== Dataset content ==

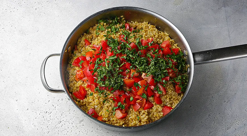 Булгур — крупа из пшеницы, которую можно заменить на родственный кускус, если очень торопитесь. Он готовится за считаные минуты.
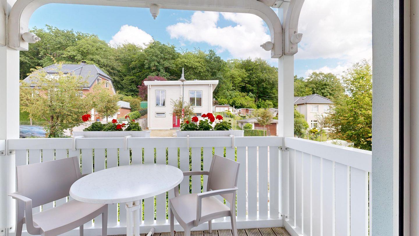 * möblierter Balkon
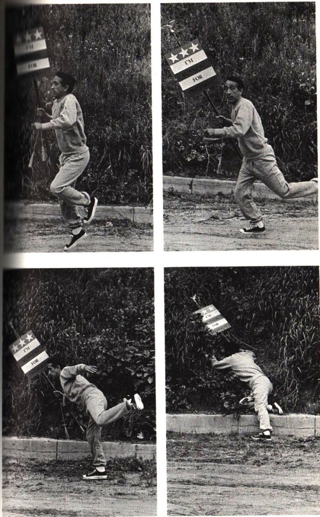 His rise was spectacular. By 1961 he was appearing on the Ed Sullivan Show, The Tonight Show with Jack Parr, the Gary Moore Show, and the Steve Allen Show. By 1964 he had two comedy albums out that helped him fill theaters for his appearances. Yet he wasn’t truly famous. His shtick was Jewish humor, at least the stereotyped New York Yiddish brand of Jewish humor, told at top speed in an accent sometimes incomprehensible outside Jewish strongholds. Why the a book in which his distinctive voice couldn’t be heard? Undoubtedly for the same reasons as the others. Somebody must have persuaded him that a run for the President would be a fantastic opportunity for publicity.
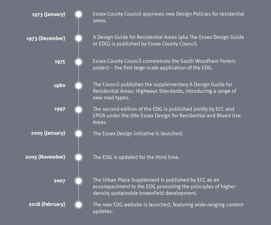 The Essex Design Guide (EDG) for Residential Areas was first published by Essex County Council (ECC) in 1973. Since its initial publication and through subsequent revisions (1997 and 2005) the document has guided development in Essex for almost 45 years. Published initially by ECC, later revisions of the EDG have been produced collaboratively with the Essex Planning Officers' Association (EPOA) including this 2018 edition.
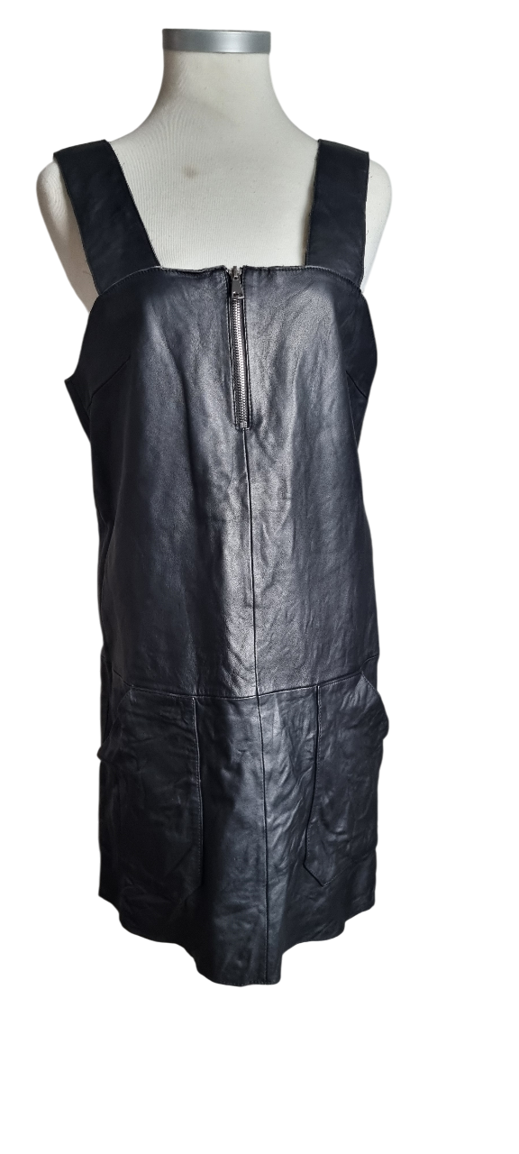 Robe en cuir noire, modèle ludivine, large bretelles, zippée à l’avant pour la fantaisie et en tant que fermeture à l’arrière et 2 poches plaquées à l’avant, taille 2, en très bon état.

===

Problem statement: The full text of the data above, exact and without pictures, is what to return.

Solution for this exercise:
 Булгур — крупа из пшеницы, которую можно заменить на родственный кускус, если очень торопитесь. Он готовится за считаные минуты.
 * möblierter Balkon
 His rise was spectacular. By 1961 he was appearing on the Ed Sullivan Show, The Tonight Show with Jack Parr, the Gary Moore Show, and the Steve Allen Show. By 1964 he had two comedy albums out that helped him fill theaters for his appearances. Yet he wasn’t truly famous. His shtick was Jewish humor, at least the stereotyped New York Yiddish brand of Jewish humor, told at top speed in an accent sometimes incomprehensible outside Jewish strongholds. Why the a book in which his distinctive voice couldn’t be heard? Undoubtedly for the same reasons as the others. Somebody must have persuaded him that a run for the President would be a fantastic opportunity for publicity.
 The Essex Design Guide (EDG) for Residential Areas was first published by Essex County Council (ECC) in 1973. Since its initial publication and through subsequent revisions (1997 and 2005) the document has guided development in Essex for almost 45 years. Published initially by ECC, later revisions of the EDG have been produced collaboratively with the Essex Planning Officers' Association (EPOA) including this 2018 edition.
 Robe en cuir noire, modèle ludivine, large bretelles, zippée à l’avant pour la fantaisie et en tant que fermeture à l’arrière et 2 poches plaquées à l’avant, taille 2, en très bon état.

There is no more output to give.